The Constant Gardener is so substantial, engaged, emotionally nuanced and lovingly crafted that I feel in danger of criticizing it to death. Unfair comparisons with other movies spring to mind, arguments against the narrative conventions, objections to the style, none of which I would have raised against a lesser film. I blame the screenwriter, Jeffrey Caine, and the director, Fernando Meirelles (City of God), and even John le Carré, who wrote the novel that inspired the picture. So effectively have they addressed their subject--the everyday, business-as-usual destruction of Africa's people--that I struggle to forgive them for having made only a movie.
At the heart of this political story, and so of the critical difficulties, lies a human problem: Can meek, decent British diplomat Justin Quayle dare to believe that his wife, Tessa, loves him? Or, to restate the problem in more immediate terms, can movie star Ralph Fiennes believe that movie star Rachel Weisz loves him? The second question, by answering itself, helps to decide the first, for good and bad alike.

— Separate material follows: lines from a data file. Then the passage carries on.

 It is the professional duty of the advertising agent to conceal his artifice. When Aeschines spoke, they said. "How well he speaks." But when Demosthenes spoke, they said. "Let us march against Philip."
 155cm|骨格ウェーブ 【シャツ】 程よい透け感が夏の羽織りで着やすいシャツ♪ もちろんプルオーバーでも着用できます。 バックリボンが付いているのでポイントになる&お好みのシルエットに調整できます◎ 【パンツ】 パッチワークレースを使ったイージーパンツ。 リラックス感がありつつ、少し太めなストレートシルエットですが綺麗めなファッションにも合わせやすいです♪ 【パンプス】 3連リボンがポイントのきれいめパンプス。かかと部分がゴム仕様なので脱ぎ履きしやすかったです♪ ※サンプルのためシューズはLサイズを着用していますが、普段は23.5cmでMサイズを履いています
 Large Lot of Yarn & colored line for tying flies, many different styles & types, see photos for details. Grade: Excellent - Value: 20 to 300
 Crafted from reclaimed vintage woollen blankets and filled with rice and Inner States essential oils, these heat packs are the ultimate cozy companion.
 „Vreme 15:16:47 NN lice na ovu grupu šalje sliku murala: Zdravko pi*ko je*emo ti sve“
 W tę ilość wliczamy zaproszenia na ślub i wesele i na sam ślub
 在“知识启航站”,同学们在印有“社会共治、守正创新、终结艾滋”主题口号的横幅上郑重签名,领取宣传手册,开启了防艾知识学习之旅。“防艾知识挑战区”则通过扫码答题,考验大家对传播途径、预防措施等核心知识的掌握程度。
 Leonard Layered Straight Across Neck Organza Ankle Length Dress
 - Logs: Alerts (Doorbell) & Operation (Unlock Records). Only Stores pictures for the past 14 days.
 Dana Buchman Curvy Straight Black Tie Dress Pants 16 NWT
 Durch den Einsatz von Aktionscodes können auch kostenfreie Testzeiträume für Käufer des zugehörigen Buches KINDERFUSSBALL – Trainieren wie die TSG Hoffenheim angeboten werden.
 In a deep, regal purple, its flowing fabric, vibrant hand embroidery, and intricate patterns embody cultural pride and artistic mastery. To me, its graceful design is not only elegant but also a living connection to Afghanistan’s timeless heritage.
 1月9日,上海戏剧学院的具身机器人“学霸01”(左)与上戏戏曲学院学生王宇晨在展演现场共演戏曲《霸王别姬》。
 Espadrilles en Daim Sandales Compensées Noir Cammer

On the good side, Weisz has what is easily her best screen role to date, in which she gets to overwhelm her every scene with flooding speech and bursting flesh. "You're quite scary," Fiennes says to her at their first encounter, in a tone pitched precisely between flirtation and candor. To her raging river, he plays the obliging bank; and for that, Weisz's Tessa cherishes him. She will even try to protect Justin by diverting the torrent from him, sometimes.